GE 400
- Designer: General Electric
- Bits: 24-bit
- Introduced: 1964
- Design: CISC
- Type: Register-Memory Memory-Memory
- Encoding: Fixed
- Branching: Condition indicators Compare and branch

Registers
- Accumulator 6 index registers (in memory)
- General-purpose: none
- Floating-point: none

= GE-400 series =

The GE-400 series is a series of time-sharing computers by General Electric introduced in 1964 and shipped until 1968.

==System description==
The GE-400 series (Compatibles/400) came in models: 415, 425, 435 (1964), 455 and 465.
GE-400 systems had a word length of 24 bits which could contain binary data, four six-bit BCD characters, three eight-bit (ASCII) characters or four signed decimal digits. GE-400 systems had magnetic-core memory with a cycle time of 2.7 microseconds (435) or 5.1 microseconds (425). The 425 and 435 had memory of 32k (32,768) words and 64k (65,536) words, respectively. The 455 and 465 had memory of 32k (32,768) words and 64k (65,536) words, respectively. As today's computers use bytes to designate memory size, the memory sizes of the GE-400 would be 98,304 bytes and 196,608 bytes. The systems supported up to eight channels for input/output.

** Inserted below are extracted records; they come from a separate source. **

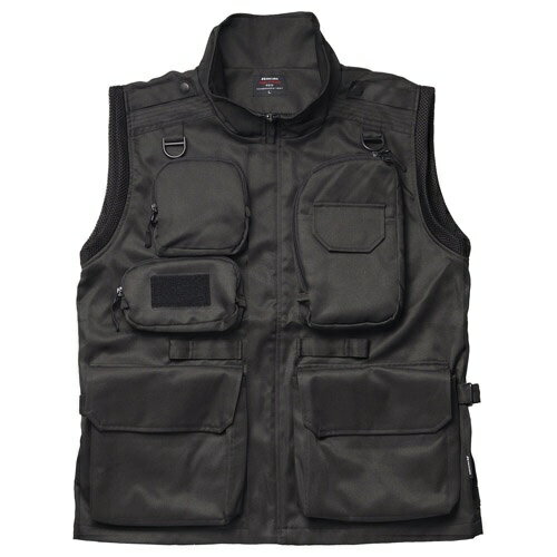 撮影時に必要な交換レンズやコンパクトカメラ、フィルター、ストロボ、ミニ三脚、スマートフォン等の小物が入る多数のポケットを装備し、背面の大型ポケットにはA4サイズの書類が入る、収納性に優れたカメラマンベストです。自然に着こなせ、カメラを首から提げた際の不快感を軽減するスタンドカラー(襟)仕様です。カメラを首から提げた際の不快感を軽減するスタンドカラー仕様自然に着こなせ、カメラを首から提げた際の不快感を軽減するスタンドカラー(襟)仕様です。ストラップのずり落ちを防ぐ固定ベルトカメラを肩掛けして携行する際にストラップがずり落ちるのを防ぐ、ホック留めの固定ベルトを左右両肩に装備しています。カメラの揺れを抑えるストラップ固定ベルト腹部に設けたホック留めのストラップ固定ベルトにより、カメラを首から提げて携行する際に生じる揺れを抑えます。機材の傷つきを防ぐファスナー保護カバー正面中央のメインファスナーには保護カバーを装備しており、ファスナーにより機材が傷つくのを防ぎます。ウエストサイズを調整できるアジャスターベルトアジャスターベルトにより体型に合わせてウエストサイズを調整できます。フィルターやレンズキャップ等の収納に適したファスナーポケット右胸上部に備えたファスナーポケットは、フィルターやレンズキャップ等の収納に適しています。小物の収納に適したキーフック付きのポケット右胸下部に備えたファスナーポケットは、コンパクトカメラや小物等の収納に適しています。内側にはキーフックを、外側にはワッペンなどを取り付けられる面ファスナーを装備しています。ストロボやミニ三脚等の収納に適したファスナーポケット左胸部分に備えた縦長のファスナーポケットは、ストロボやミニ三脚等の収納に適しています。スマートフォン等の収納に適したポケット左胸部分にはスマートフォン等の収納に適した面ファスナー式のポケットを備えています。クッション材の入った大型ポケット正面下部にはクッション材入りの大型ポケットを備え、一眼カメラのボディ等を収納できます。クッション材の入った大型ポケット正面下部の大型ポケットをは交換レンズの収納にも適しています。ハンドウォーマーポケット手を入れるのにちょうど良い位置に、手を温めるハンドウォーマーポケットを装備しています。A4サイズの収納が可能な大型の背面ポケットA4サイズの書類や雑誌等が収納できる大型のファスナーポケットを背面に装備しています。開口部を左右両側に設けており、左右どちらからも出し入れが可能ですカラビナ等を掛けられるループカラビナ等を掛けられるループを左右のウエスト部分に装備しており、フォトグローブやポーチ等をぶら下げられます。
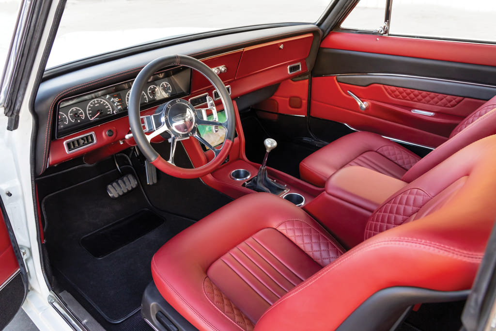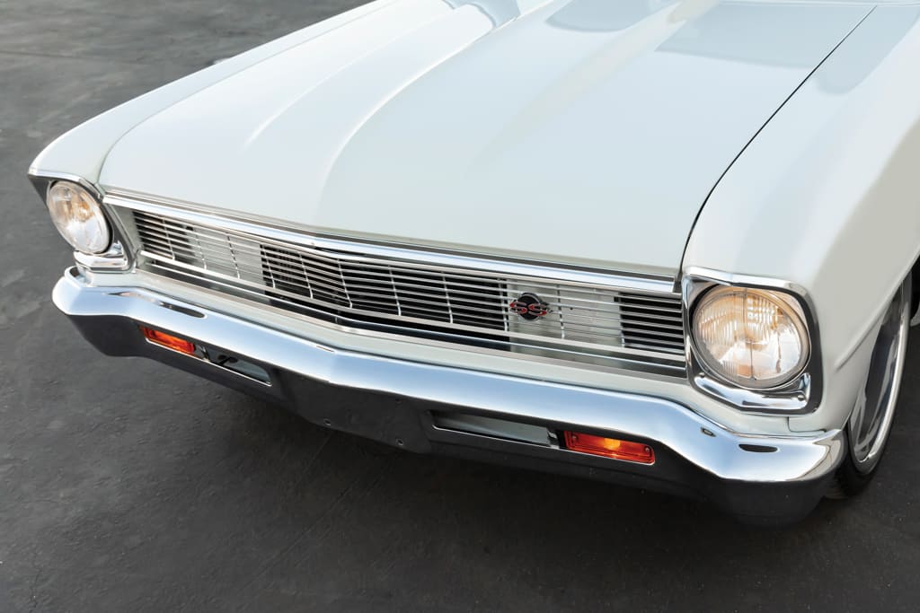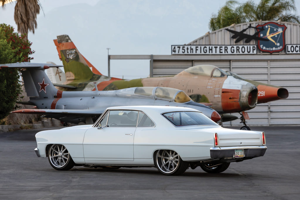 Body modifications are minimal, as Christian feels like the ’66 and ’67 Nova body style is nearly perfect as-is. The subtle modifications include a cowl induction hood, shaved emblems, and flush-fit Kindig-It Design door handles. The body needed repairs and the complete bodywork treatment inside, outside, and underneath. After several cycles of block-sanding and primer, Jim McKay laid down the PPG paint in Carrera White. The bumpers are smoothed and tucked in nicely, and all trim restoration was handled by The Polishing Shop for the perfect finishing touch.
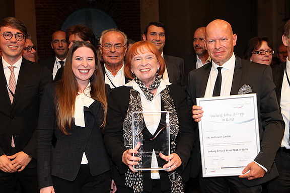 Juni 18 – Die I.K. Hofmann GmbH hat in der Kategorie „Große Unternehmen“ den Ludwig Erhard Preis in Gold gewonnen, die höchste Auszeichnung für Unternehmensqualität in Deutschland. „Im Vergleich zu 2010, als wir ebenfalls bester Preisträger waren, allerdings noch in der Kategorie „Mittlere Unternehmen“, haben wir uns im Punktestand weiter verbessern können. Wir machen schon vieles sehr gut, aber Potentiale gibt es natürlich immer. Schließlich wandeln sich die Anforderungen an Unternehmen ständig. Durch die Teilnahme u.a.an diesem Wettbewerb können wir umfassend prüfen, ob wir den heutigen Anforderungen genügen, wobei vor allem die Kunden- und Mitarbeiteranforderungen im Focus stehen“, sagte die Unternehmerin Ingrid Hofmann bei der Preisverleihung am 15. Juni 2018 in Berlin.
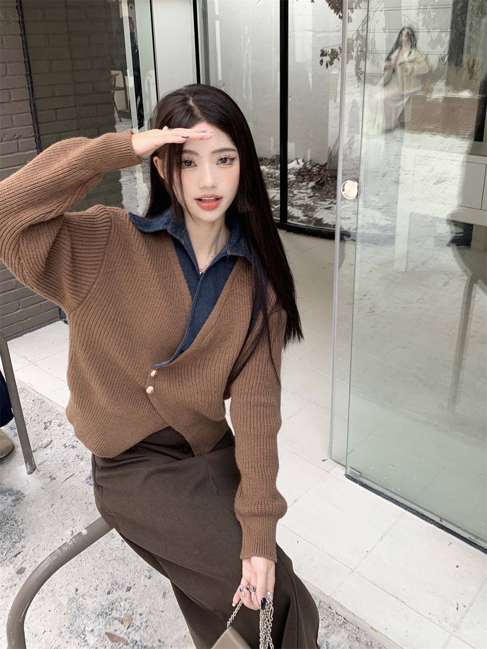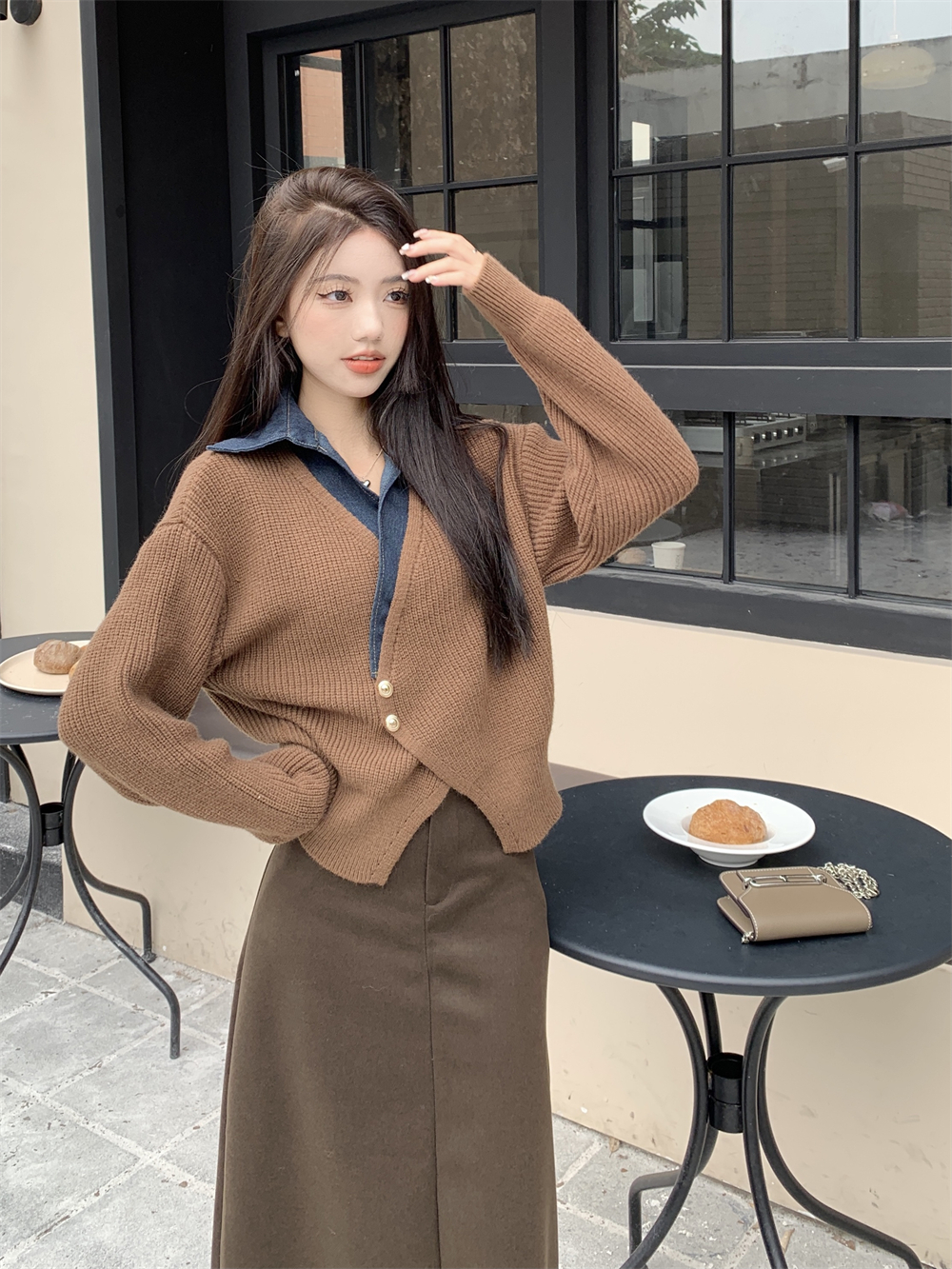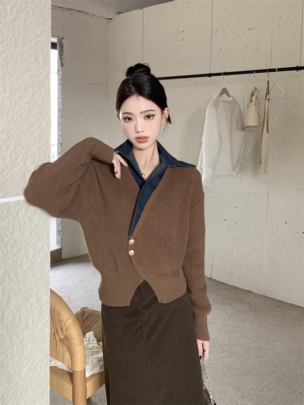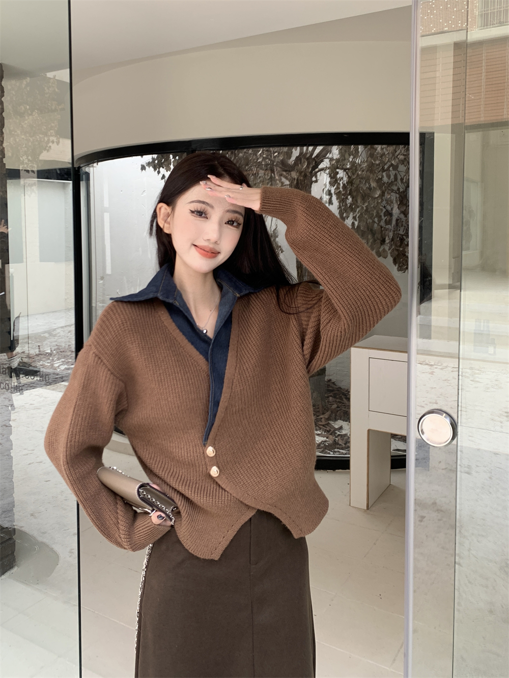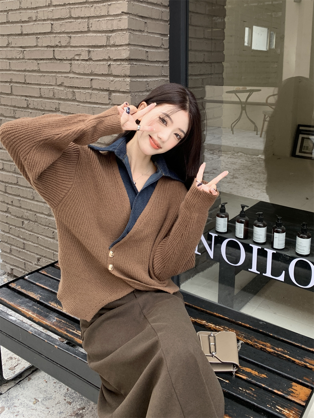 限量特惠|個性拼接牛仔假兩件不規則針織外套(11H5336)

The GE-425 GE-435 were batch computers with no communication capabilities. The GE-455 and GE-465 were the timesharing versions. These timesharing computers had a Datanet-30 front end to provide the communications capability at 110 baud originally (10 CPS) and later, with a later hardware upgrade, to handle 300 baud (30 CPS). The GE-465 was the most common version and supported up to 50 users simultaneously.

The GE 412 (1962) was an incompatible computer system with a 20-bit word length intended for process control applications.

==Unique features==
GE-400 systems featured a "variable length, relocatable accumulator" which could be set programmatically to a length of one to four words and relocated to overlay any four adjacent locations in memory (modulo four). "The accumulator can be moved to the data to be processed, rather than moving the data."

== Successor systems ==
The 400 series was succeeded by the incompatible 36-bit GE-600 series.